The next morning, Kelson presents Spike with Isla’s skull and tells him to place it atop the pile of skulls. Shortly thereafter, Samson reappears and pursues Spike, Kelson, and the baby. The three lock themselves in a small underground cage, into which Samson reaches his hand and grabs Kelson. While slamming the doctor against the top of the cage, Spike grabs a tranquilizer dart from Kelson’s holster and stabs Samson, temporarily felling him. “I think it’s time for you and the baby to go now,” Kelson tells Spike, the young man having clearly overstayed his welcome.
But instead of returning to his father on the mainland, Spike sends the baby along with a note explaining that he, essentially, wants to live in the woods for a while and consider the life-altering events that just occurred. Spike’s father takes possession of the newborn, whom Spike has named after his mother.
How does 28 Years Later set up its sequel?
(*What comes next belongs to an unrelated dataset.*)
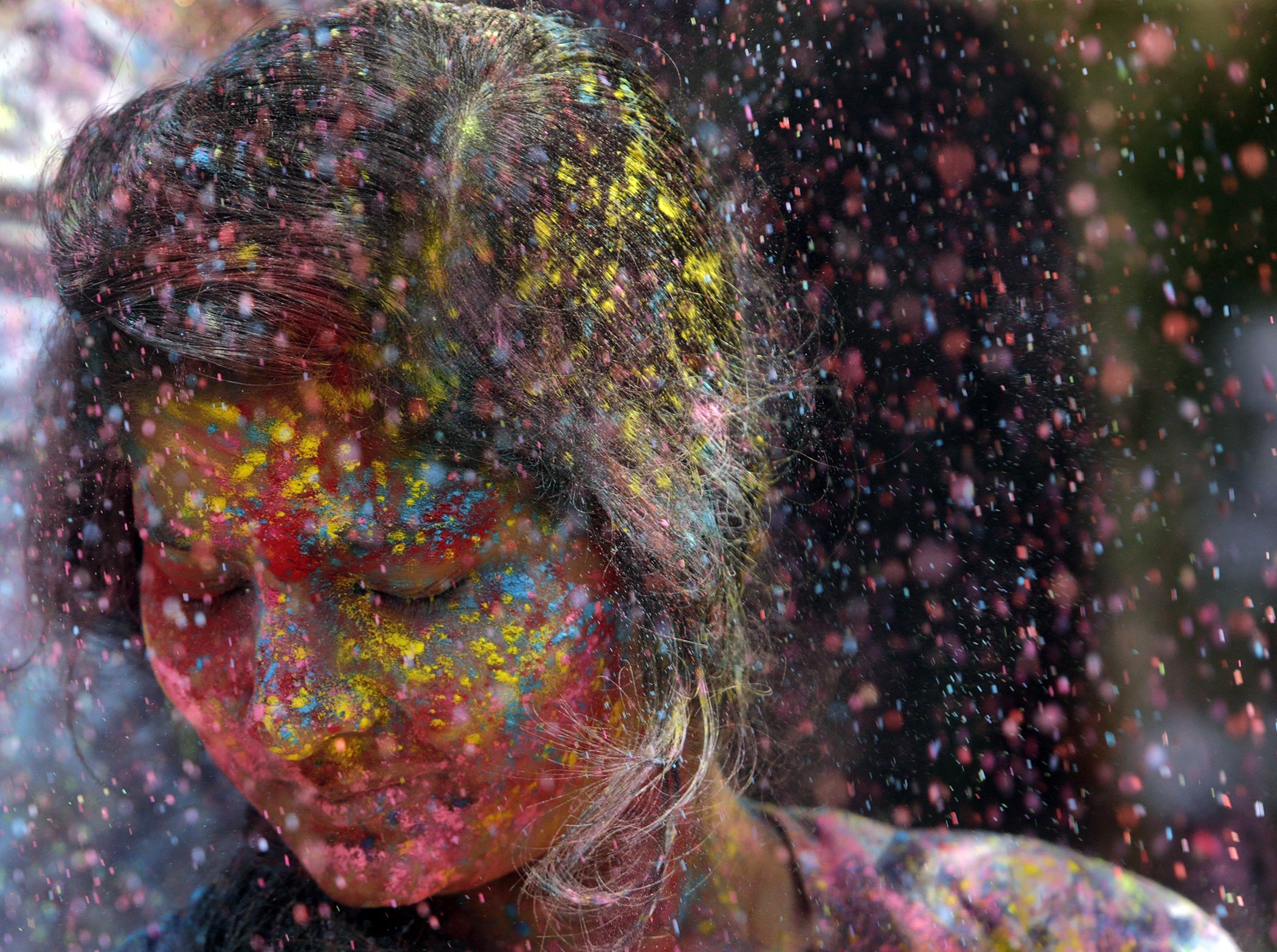 2) Holi: Revelers throw colored powder on a woman during celebrations marking Holi, the Hindu festival of colors, in Mumbai, India on March 21, 2019. Historically, the festival was held throughout the Braj region of India and Nepal (home of Krishna the Hindu deity of love) to welcome the end of winter and the beginning of Spring. Festivities begin with a bonfire on the eve of Holi and then the celebrations transition to an explosion of color the next day. Holi is also a time to forget and forgive misdeeds by friends and loved ones, as well as repair any troubled relationships.

The most unexpected part of Boyle’s sequel is the final scene, which finds Spike now on his own in the wilderness of the mainland at a makeshift campsite on the side of a road. As he prepares himself dinner, a few hungry zombies appear and quickly make their way towards him. Spike is able to shoot two with arrows, but soon is overpowered and makes a run for it.
When it seems that the zombies will actually kill Spike, a mysterious stranger named Jimmy (Sinners’s villainous vampire Jack O’Connell), who is dressed and styled in a manner reminiscent of disgraced British media personality Jimmy Savile, pops up on a cliff ledge alongside a group of warriors who look like anime characters. Jimmy offers Spike a hand, which he gratefully accepts, and Jimmy orders his band of fighters to vanquish the zombies. Which they do—using kung-fu and a blade-centric fighting style that looks more like something from John Wick than the zombie-inflected family drama we’ve been watching.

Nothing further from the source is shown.